The African swine fever threat to Australia

Michael P. Ward A *
+ Author Affiliations
- Author Affiliations

A Sydney School of Veterinary Science, The University of Sydney, Camden, NSW 2570, Australia.




Michael Ward is Chair, Veterinary Public Health and Food Safety in the Sydney School of Veterinary Science. He is a veterinary epidemiologist with experience in analytical epidemiological methods, spatial epidemiology and simulation modelling. He has more than 35 years’ experience in conducting research on infectious diseases. Michael is a veterinary graduate of the University of Queensland and has held positions within the Queensland Department of Primary Industries and the veterinary schools at Purdue University (Indiana) and Texas A&M University. He returned to Australia from Texas in 2008 to take up his current position at The University of Sydney. In 2010, Michael organised and hosted the GEOVET conference. He has acted as Associate Editor for the journals Preventive Veterinary Medicine and Zoonoses and Public Health. Michael is currently the Editor-in-Chief, Transboundary and Emerging Diseases. He currently leads the Local Organising Committee for the 17th International Symposium on Veterinary Epidemiology and Economics, planned for Sydney in 2024.

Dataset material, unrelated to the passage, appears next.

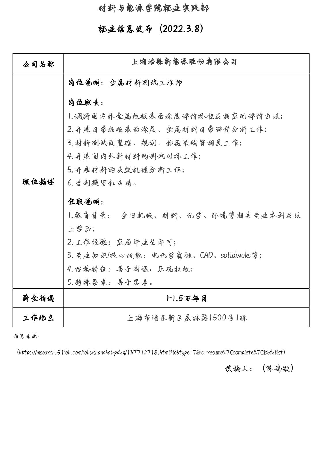 就业信息发布(2022.03.08)——上海治臻新能源股份有限公司

* Correspondence to: michael.ward@sydney.edu.au

Microbiology Australia 43(4) 183-185 https://doi.org/10.1071/MA22060
Submitted: 10 October 2022  Accepted: 18 November 2022   Published: 7 December 2022

© 2022 The Author(s) (or their employer(s)). Published by CSIRO Publishing on behalf of the ASM. This is an open access article distributed under the Creative Commons Attribution-NonCommercial-NoDerivatives 4.0 International License (CC BY-NC-ND)

Abstract

African swine fever (ASF) is not a new disease: its impact on domestic pig production in Africa was first documented 100 years ago. For most of the twentieth century ASF was considered a disease of Africa, with occasional incursions into Europe and the western hemisphere. However, during the past two decades, ASF has emerged as a truly global diseases, invading parts of Europe and spreading throughout Asia. By 2020, ASF had spread as far as Papua New Guinea. Why ASF has spread such distances so quickly is not well understood, however the movement of both live pigs and pork products undoubtedly is a major contributing factor. The role that wild pigs play in the spread and maintenance of ASF virus is a topic of ongoing debate. Adding to the complexity of the epidemiology of this disease, ASF virus can be transmitted by some tick species in particular ecosystems. Australia is vulnerable to an ASF virus incursion. The threat is further heightened by the uncertainty regarding whether our large and widely distributed feral pig population would become endemically infected, creating a barrier to eradication of the disease. Preventing an incursion of ASF virus relies on ongoing risk assessments based on where the virus currently exists, and the disease pathways for introduction. Within the Australian context, regulatory enforcement and surveillance of illegally important pork products is paramount to minimise the treat that ASF poses.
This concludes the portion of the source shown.